## [Description of the task]
Since the records include pictures, leave those out while you reproduce exactly and only the lines from the one containing "a pair of ultra-marathon-running, travel- and" through the one containing "Soft blues, greens", inclusive.

## [Records provided]
——
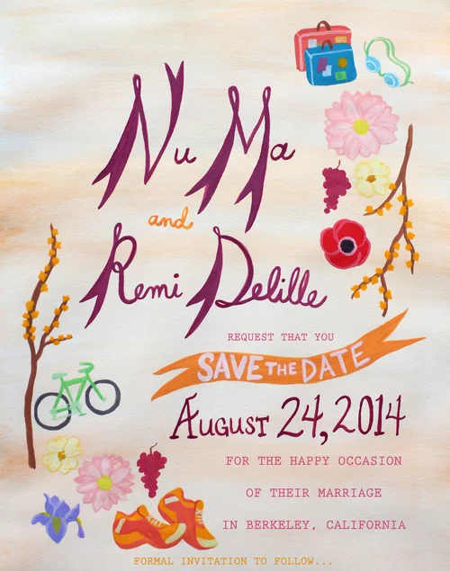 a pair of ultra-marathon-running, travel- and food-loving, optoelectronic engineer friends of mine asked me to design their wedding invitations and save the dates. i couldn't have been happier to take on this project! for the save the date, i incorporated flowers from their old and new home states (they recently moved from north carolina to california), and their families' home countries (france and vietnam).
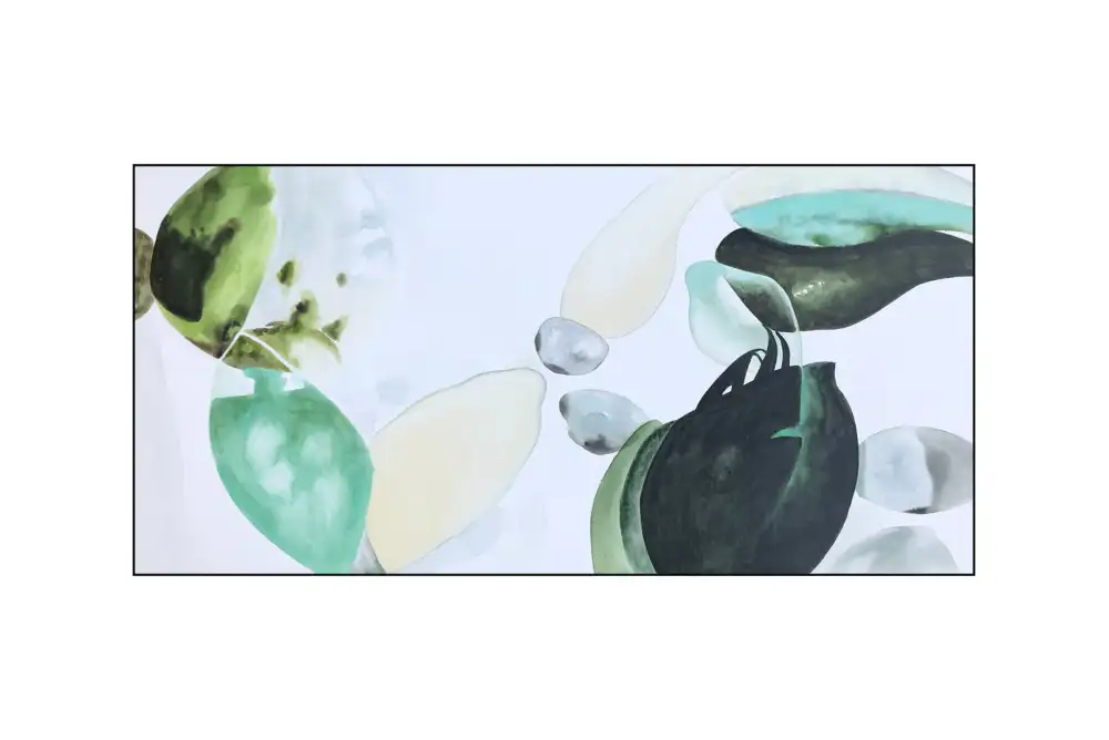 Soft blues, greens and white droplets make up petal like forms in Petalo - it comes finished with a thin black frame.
——
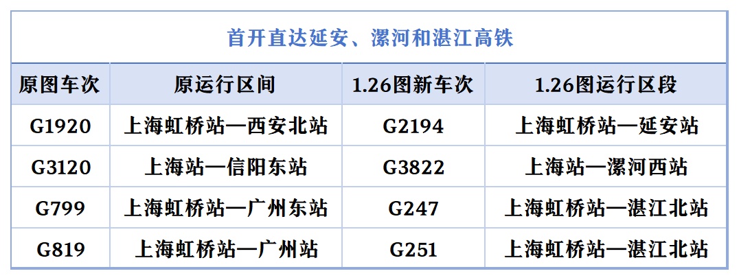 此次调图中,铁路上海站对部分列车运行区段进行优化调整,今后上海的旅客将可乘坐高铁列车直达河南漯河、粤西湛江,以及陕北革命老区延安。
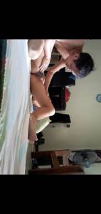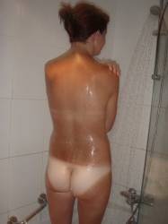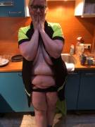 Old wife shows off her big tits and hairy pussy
——
## [Answer to the exercise]
 a pair of ultra-marathon-running, travel- and food-loving, optoelectronic engineer friends of mine asked me to design their wedding invitations and save the dates. i couldn't have been happier to take on this project! for the save the date, i incorporated flowers from their old and new home states (they recently moved from north carolina to california), and their families' home countries (france and vietnam).
 Soft blues, greens and white droplets make up petal like forms in Petalo - it comes finished with a thin black frame.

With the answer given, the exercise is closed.